→ About this exercise
Retype exactly the lines from the one containing "They would have" through the last line of the records below, including both, and leave out any pictures.

[[ Information shown open ]]

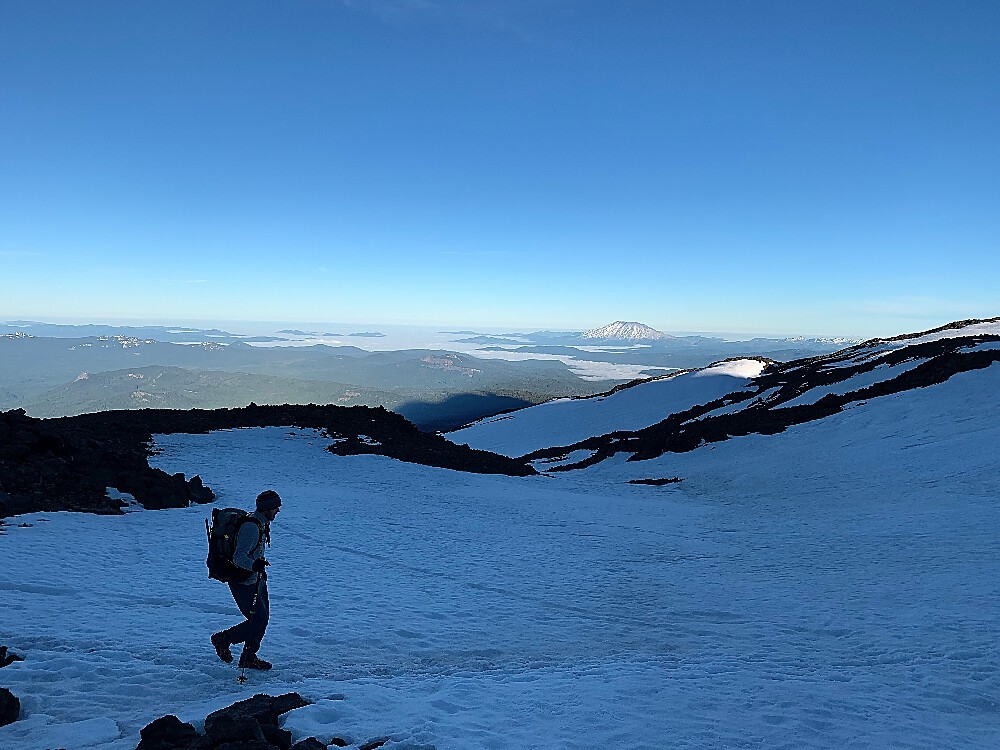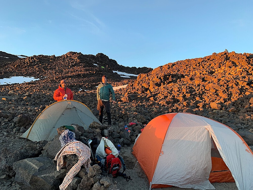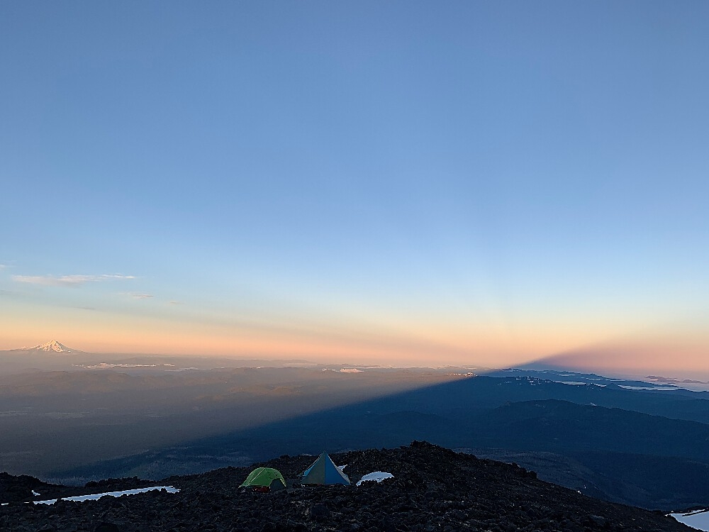 Trey and I had plan to camp on summit of Mt. Adams, like South Sister last month. Our fitness told us it was not to be. Dan caught up to us at Lunch Counter (9300’). We made camp and slept in warm tent and bags.
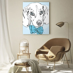 - Cette estampe sur verre représente un chien portant un élégant nœud papillon sur un fond bleu clair. Parfaite pour les intérieurs modernes et les amoureux des animaux.
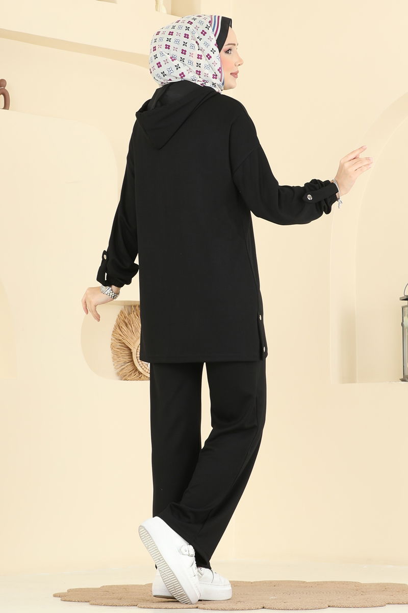 Modal Kumaşlı Siyah Aksesuarlı Takım Seti
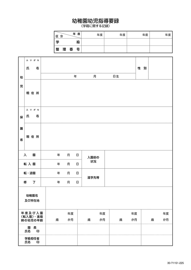 幼稚園幼児指導要録用紙2(100枚)学籍
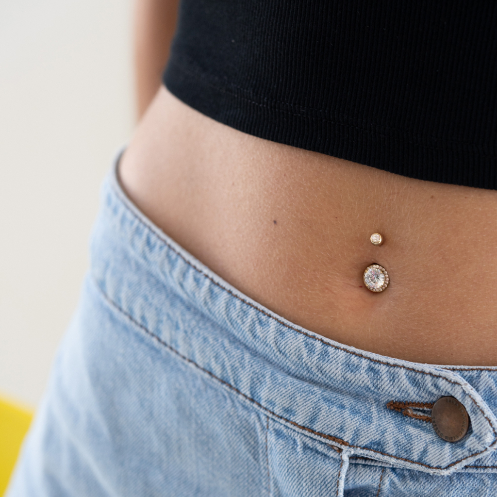 The large faceted stone in the center of the bottom ball is the biggest sinner here - it's the one that will get most of the attention. But this ball is not alone; it's getting help from the little stones encrusted behind and surrounding it. These tiny stones also give the piece a sense of depth, which makes it look even better. To make it even, a stone matches the top ball - we thought of every detail to make this a perfect belly ring.
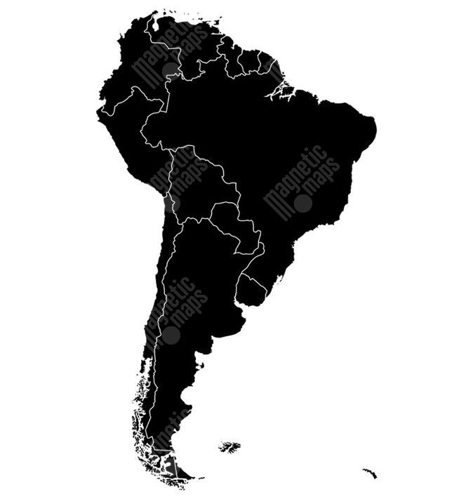Magnetická mapa Južnej Ameriky, ilustrovaná, čierna
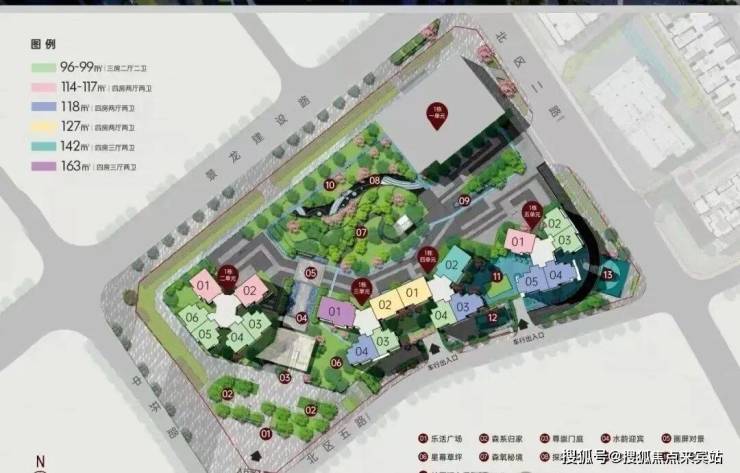梯户比:1栋二单元3梯6户、三单元和四单元3梯4户、五单元3梯5户
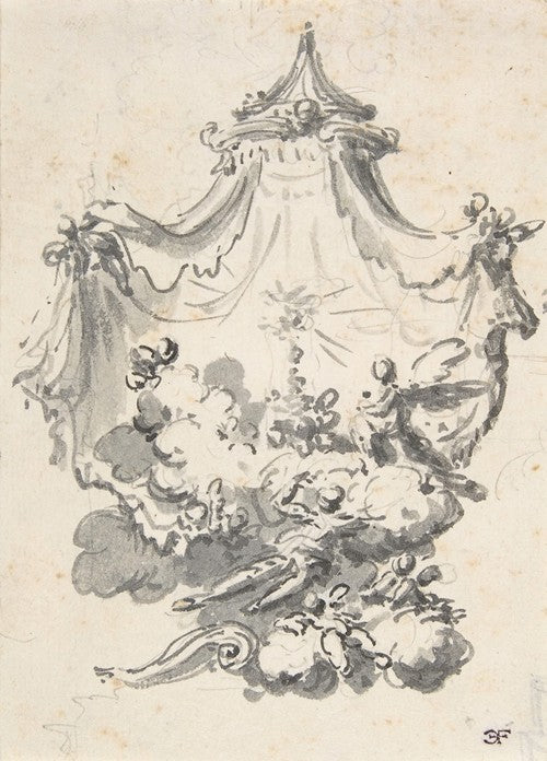 / Parted Curtains Revealing Angels Upon Clouds Worshipping a Monstrance (1698-1765)
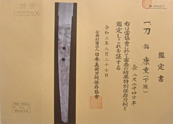 下原刀の本家康重である。山本内紀と称す。天文頃北条氏康から康の字を賜り、周重を康重と改名した。本作は初代の康重で地金も杢目肌良く錬れ刃紋乱刃で刃が冴え出来が良く八王子の方にお薦めする。
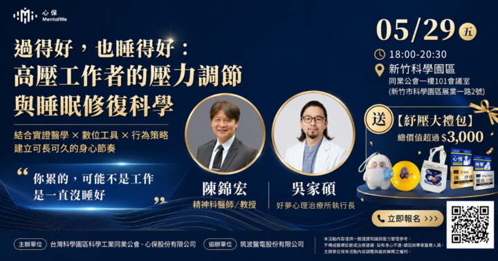 學習 【免費講座】過得好,也睡得好:高壓工作者的壓力調節與睡眠修復科學
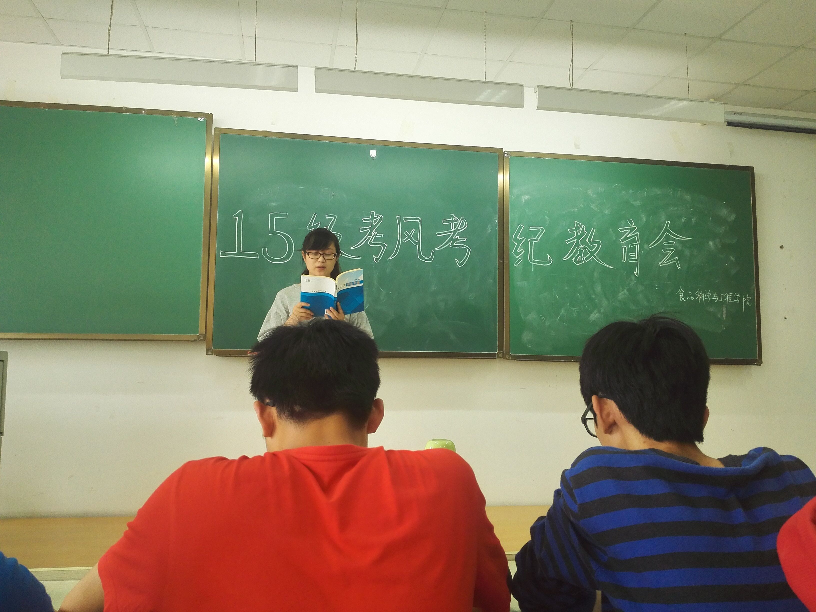 考试违规处理办法》,认真解释了学校整治考风的相关政策以及考试违纪处分、考试管理、补考重修等各种问题,并结合以往我院考试中出现的各种问题及其处理办法告诫同学们要严肃对待考试,坚持透明考试、诚信做人。此外,金鑫老师着重强调了考试作弊的危害,她表示考试作弊会践踏诚信理念,加剧信用危机,同时会助长部分同学不劳而获、投机取巧的心理,引导不正当竞争的产生,进而影响同学们的学习积极性,干扰良好学风的形成。最后,金鑫老师表示,希望同学们能够认真复习,放松心态,严格遵守考试纪律,做光明的食品人。 此次大会让同学们认识到了诚信应考的重要性,引导学生树立了诚信应考的理念。相信在即将到来的期末考试中,同学们一定能拿出积极饱满的态度,诚信应考,再创佳绩!
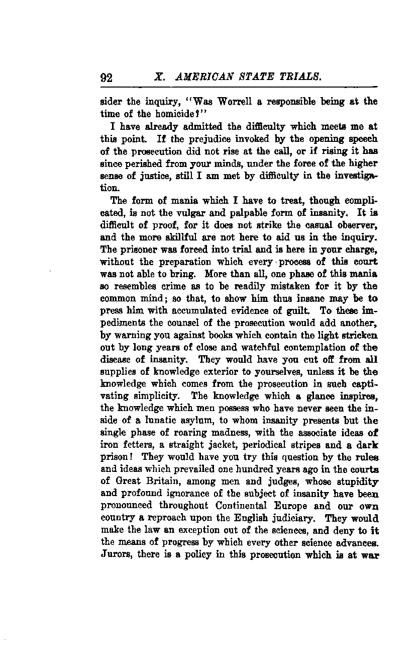 They would have you try this question by the rules and ideas that prevailed one hundred years ago in the courts of Great Britain, among men and judges whose stupidity and profound ignorance of the subject of insanity have been pronounced throughout Continental Europe and our own country as a reproach upon the English judiciary. They would make the law an exception out of the sciences and deny to it the means of progress by which every other science advances. Jurors, there is a policy in this prosecution which is at war with the principles of justice and enlightenment.
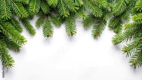 Long shot of holiday fir branches decorated Christmas background with fir decorations
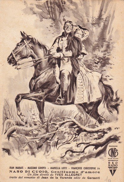 Cartolina "Naso di cuoio, Gentiluomo d'amore" con Jean Marais, Françoise Christophe, Mariella Lotti, Massimo Girotti.

[[ Information shown closed ]]

→ Exercise result
 They would have you try this question by the rules and ideas that prevailed one hundred years ago in the courts of Great Britain, among men and judges whose stupidity and profound ignorance of the subject of insanity have been pronounced throughout Continental Europe and our own country as a reproach upon the English judiciary. They would make the law an exception out of the sciences and deny to it the means of progress by which every other science advances. Jurors, there is a policy in this prosecution which is at war with the principles of justice and enlightenment.
 Long shot of holiday fir branches decorated Christmas background with fir decorations
 Cartolina "Naso di cuoio, Gentiluomo d'amore" con Jean Marais, Françoise Christophe, Mariella Lotti, Massimo Girotti.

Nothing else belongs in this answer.